Barry Commoner: Pollution and production

[Quotes & Insights #15]

From the Introduction to the 1992 edition of
Making Peace With the Planet, by Barry Commoner

“The assault on environmental quality results from the use of systems of production that yield useful goods but also generate pollutants.

“The engines that power modern cars and trucks also produce pollutants that turn into smog and acid rain. Once disseminated, the synthetic pesticides and chemical fertilizers heavily used in agricultural production also become toxic pollutants that poison our water and food. As the petrochemical industry produces plastics, detergents, and numerous other synthetic chemicals, it also generates almost as much in toxic emissions.

“Fuel-burning and nuclear power plants produce electricity; but the one also emits gases that are overheating the planet, and the other leaves huge stores of radioactive waste that will outlive the industry itself.
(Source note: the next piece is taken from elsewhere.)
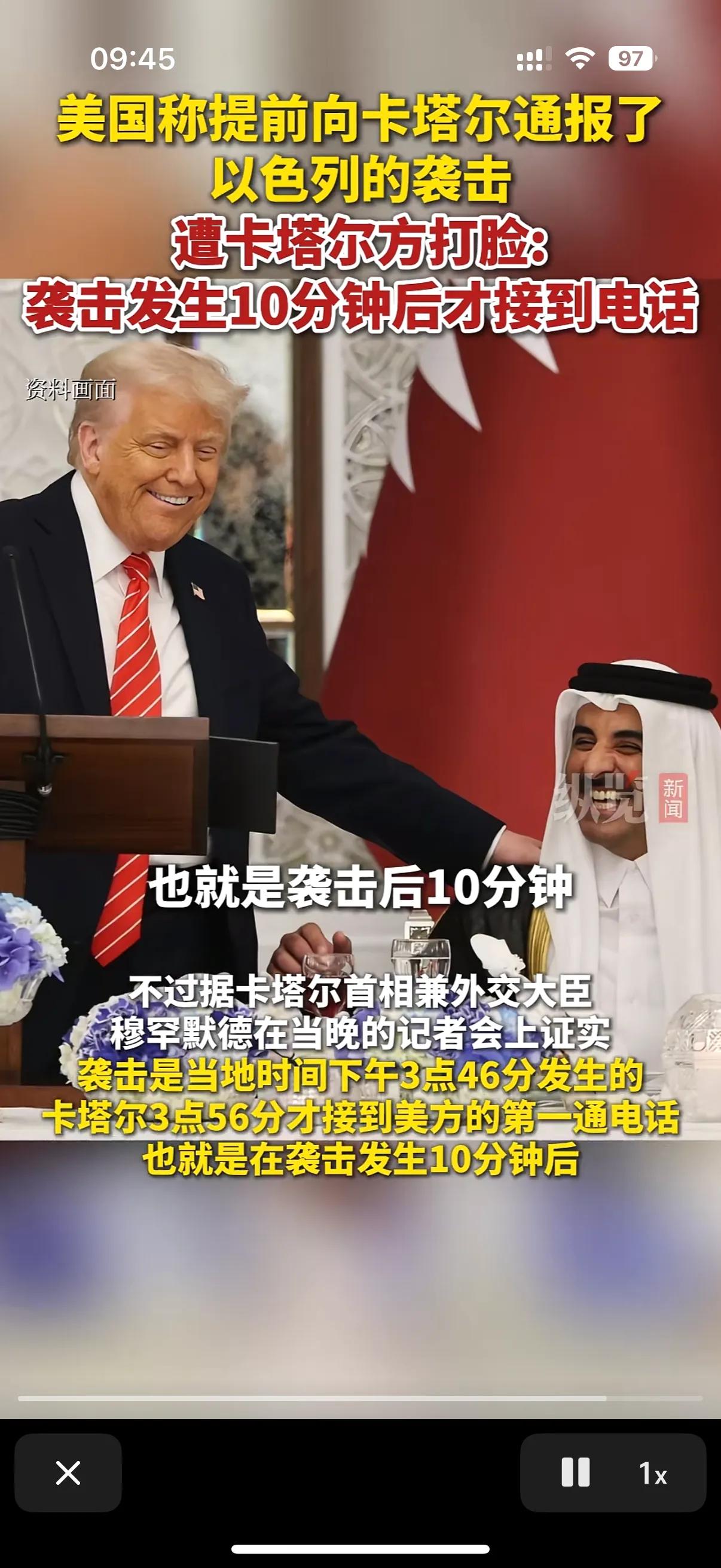 现在中东这地方真是乱成一锅粥了!在卡塔尔被以色列真的饿空袭成功之前,没人吧以色列说的话当真的。 毕竟以色列和卡塔尔不说离着十万八千里,但是绝对是离得不近,以色列是没有这种远程攻击武器,单纯靠无人机袭击是不现实的。 所以大家之前对以色列说要袭击卡塔尔的时候,大家都是按照之前的惯性认为这就是以色列的嘴炮行为,万万没想到的是,以色列真的会袭击卡塔尔,而且还袭击成功了! 不少人说这就是美国不但在言论上支持了以色列就是在袭击上也支持了以色列不然以色列是没有这个能力的! 但是美国在支持袭击上所表现的态度就很耐人寻味了! 以色列发表的声明当然说是获得了美国的大力支持! 美国说在袭击之前自己获得以色列要袭击卡塔尔的时候第一时间就通知了卡塔尔,可是卡塔尔说,美国给通知的时候,卡塔尔早就被袭击了! 至于说美国是否在事实上支持了以色列的这次袭击,白宫这次表示了沉默,既不否定也不承认,只是说自己知道这个消息就很晚了,不过特朗普表示以后不会让这样的袭击再发生在塔卡尔了! 看来是变相要收取保护费了! 谁不听话,美国不自己动手!

“The current environmental crisis is the unanticipated outcome of the ways in which the corporations that are entrusted with these decisions have chosen to provide us with transportation, food, and power.

“Although most economists like to talk about money — in the form of prices, wages, taxes, and deficits — it is useful to remember that all of these manifestations of wealth, like pollution, are created by production.

“If the environment is polluted and the economy is sick, the virus that causes both will be found in the system of production. And that is where their cure can be found as well.”